*What is expected*. Everything in the data that follows should be given again verbatim, except the images.

*Data*.
▬▬▬▬▬▬

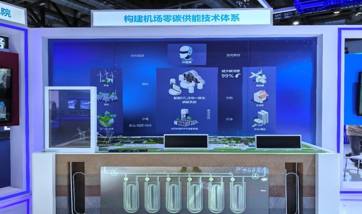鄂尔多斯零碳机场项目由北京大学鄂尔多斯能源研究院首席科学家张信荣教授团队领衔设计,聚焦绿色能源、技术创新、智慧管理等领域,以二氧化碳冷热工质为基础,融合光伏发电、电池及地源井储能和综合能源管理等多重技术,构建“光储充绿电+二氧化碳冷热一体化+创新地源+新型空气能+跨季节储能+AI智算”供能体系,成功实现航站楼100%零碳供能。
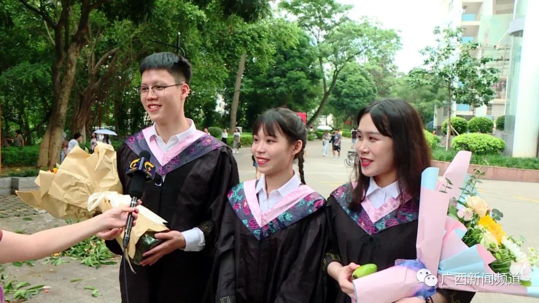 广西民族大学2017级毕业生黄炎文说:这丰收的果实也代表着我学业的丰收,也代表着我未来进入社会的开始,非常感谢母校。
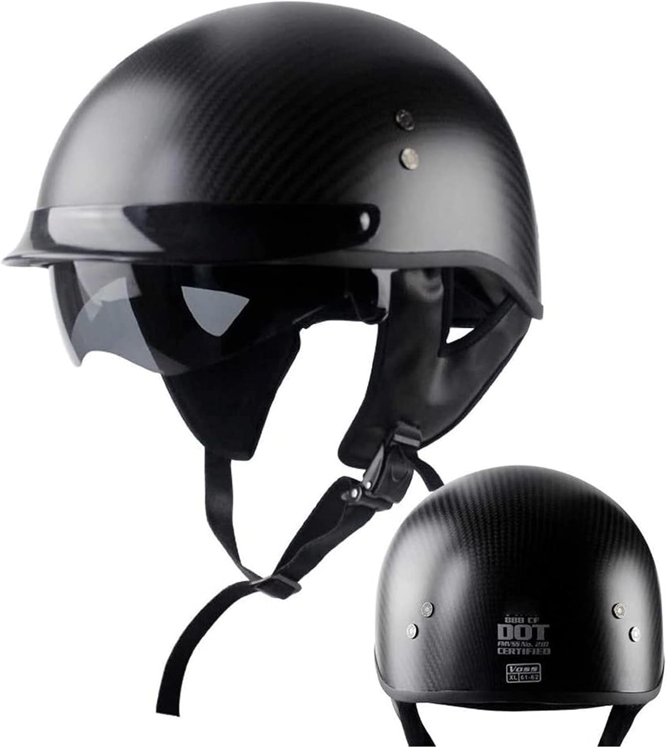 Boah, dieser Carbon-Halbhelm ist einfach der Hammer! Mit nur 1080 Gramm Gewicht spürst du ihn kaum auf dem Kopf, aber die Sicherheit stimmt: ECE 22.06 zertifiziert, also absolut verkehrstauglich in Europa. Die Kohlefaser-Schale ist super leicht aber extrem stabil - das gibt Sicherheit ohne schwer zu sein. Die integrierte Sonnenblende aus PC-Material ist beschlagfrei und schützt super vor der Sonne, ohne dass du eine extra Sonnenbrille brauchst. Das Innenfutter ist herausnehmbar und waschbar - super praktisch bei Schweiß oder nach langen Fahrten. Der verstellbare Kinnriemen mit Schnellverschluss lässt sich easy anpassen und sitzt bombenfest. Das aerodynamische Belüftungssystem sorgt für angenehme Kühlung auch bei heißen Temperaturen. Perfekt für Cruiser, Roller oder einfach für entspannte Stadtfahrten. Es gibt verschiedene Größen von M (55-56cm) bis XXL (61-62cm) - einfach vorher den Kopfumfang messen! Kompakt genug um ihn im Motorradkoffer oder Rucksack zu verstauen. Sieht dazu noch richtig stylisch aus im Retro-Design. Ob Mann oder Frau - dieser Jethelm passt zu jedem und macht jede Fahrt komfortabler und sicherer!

▬▬▬▬▬▬

*Response area*.
鄂尔多斯零碳机场项目由北京大学鄂尔多斯能源研究院首席科学家张信荣教授团队领衔设计,聚焦绿色能源、技术创新、智慧管理等领域,以二氧化碳冷热工质为基础,融合光伏发电、电池及地源井储能和综合能源管理等多重技术,构建“光储充绿电+二氧化碳冷热一体化+创新地源+新型空气能+跨季节储能+AI智算”供能体系,成功实现航站楼100%零碳供能。
 广西民族大学2017级毕业生黄炎文说:这丰收的果实也代表着我学业的丰收,也代表着我未来进入社会的开始,非常感谢母校。
 Boah, dieser Carbon-Halbhelm ist einfach der Hammer! Mit nur 1080 Gramm Gewicht spürst du ihn kaum auf dem Kopf, aber die Sicherheit stimmt: ECE 22.06 zertifiziert, also absolut verkehrstauglich in Europa. Die Kohlefaser-Schale ist super leicht aber extrem stabil - das gibt Sicherheit ohne schwer zu sein. Die integrierte Sonnenblende aus PC-Material ist beschlagfrei und schützt super vor der Sonne, ohne dass du eine extra Sonnenbrille brauchst. Das Innenfutter ist herausnehmbar und waschbar - super praktisch bei Schweiß oder nach langen Fahrten. Der verstellbare Kinnriemen mit Schnellverschluss lässt sich easy anpassen und sitzt bombenfest. Das aerodynamische Belüftungssystem sorgt für angenehme Kühlung auch bei heißen Temperaturen. Perfekt für Cruiser, Roller oder einfach für entspannte Stadtfahrten. Es gibt verschiedene Größen von M (55-56cm) bis XXL (61-62cm) - einfach vorher den Kopfumfang messen! Kompakt genug um ihn im Motorradkoffer oder Rucksack zu verstauen. Sieht dazu noch richtig stylisch aus im Retro-Design. Ob Mann oder Frau - dieser Jethelm passt zu jedem und macht jede Fahrt komfortabler und sicherer!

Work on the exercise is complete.